COLLECTED MATERIAL:
====
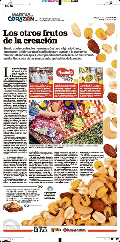 A través de Marcas de Corazón, las audiencias de El País y Q’hubo pudieron viajar al alma de emprendimientos que, convertidos en empresas, llevan muchos años construyendo la región a la que nos pertenece el alma. Un ‘itinerario’ desarrollado entre el 16 de junio y el 22 de septiembre, no solo a través de las publicaciones impresas que semana tras semana hicieron parte del cuerpo editorial de ambos diarios, sino también mediante una articulada programación de contenidos especiales para redes sociales donde, a partir de menciones, historias y concursos, logramos una interesante conexión: 850.000 interacciones sobre los productos que tuvo la campaña en sus tres meses al aire, así como más de 150.000 visitas al sitio web de Marcas de Corazón.
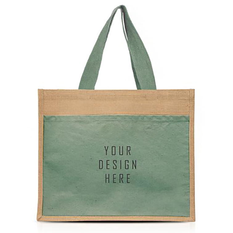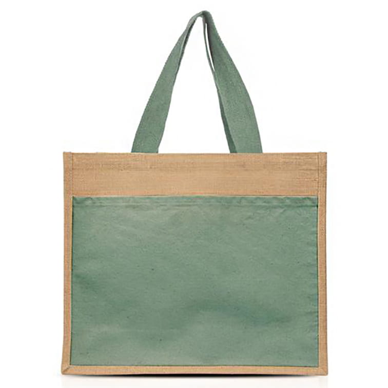 Laminowana jutowa torba z bawełnianą kieszonką, która zapewnia łatwy dostęp do najbardziej potrzebnych akcesoriów podczas zakupów lub wypadu na plażę. Wytrzymałość 11kg.
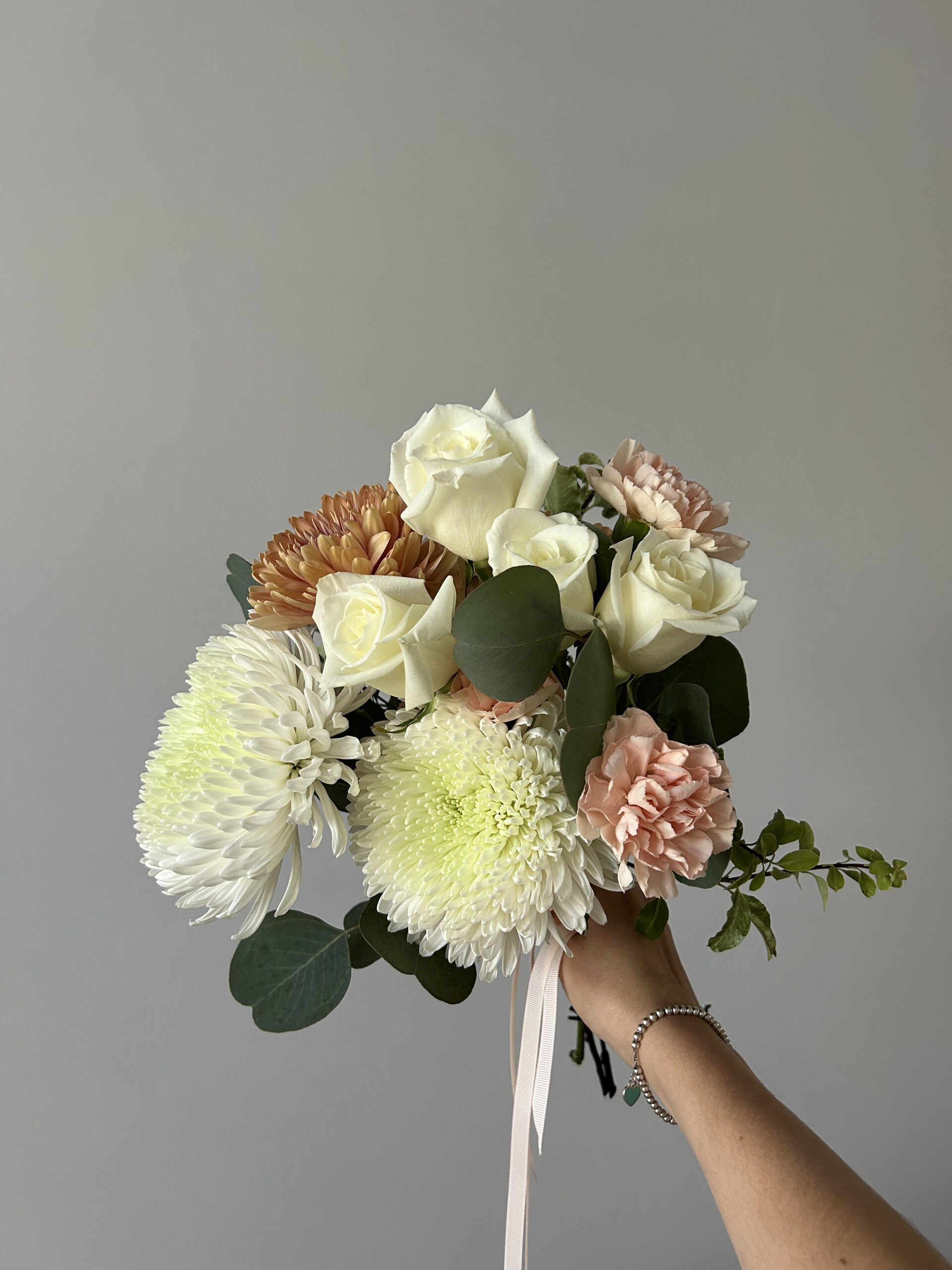 A serene, luminous bouquet with soft, romantic tones. Ivory Petal Solstice features creamy white roses, plush white spider mums, warm honey-bronze chrysanthemums, and blush carnations, all intertwined with fresh eucalyptus and subtle greenery. The palette feels airy and elegant, creating a bouquet that’s both calming and beautifully sophisticated.
====
Retype all of the material above precisely as it reads. Pictures are not part of the copy.

 A través de Marcas de Corazón, las audiencias de El País y Q’hubo pudieron viajar al alma de emprendimientos que, convertidos en empresas, llevan muchos años construyendo la región a la que nos pertenece el alma. Un ‘itinerario’ desarrollado entre el 16 de junio y el 22 de septiembre, no solo a través de las publicaciones impresas que semana tras semana hicieron parte del cuerpo editorial de ambos diarios, sino también mediante una articulada programación de contenidos especiales para redes sociales donde, a partir de menciones, historias y concursos, logramos una interesante conexión: 850.000 interacciones sobre los productos que tuvo la campaña en sus tres meses al aire, así como más de 150.000 visitas al sitio web de Marcas de Corazón.
 Laminowana jutowa torba z bawełnianą kieszonką, która zapewnia łatwy dostęp do najbardziej potrzebnych akcesoriów podczas zakupów lub wypadu na plażę. Wytrzymałość 11kg.
 A serene, luminous bouquet with soft, romantic tones. Ivory Petal Solstice features creamy white roses, plush white spider mums, warm honey-bronze chrysanthemums, and blush carnations, all intertwined with fresh eucalyptus and subtle greenery. The palette feels airy and elegant, creating a bouquet that’s both calming and beautifully sophisticated.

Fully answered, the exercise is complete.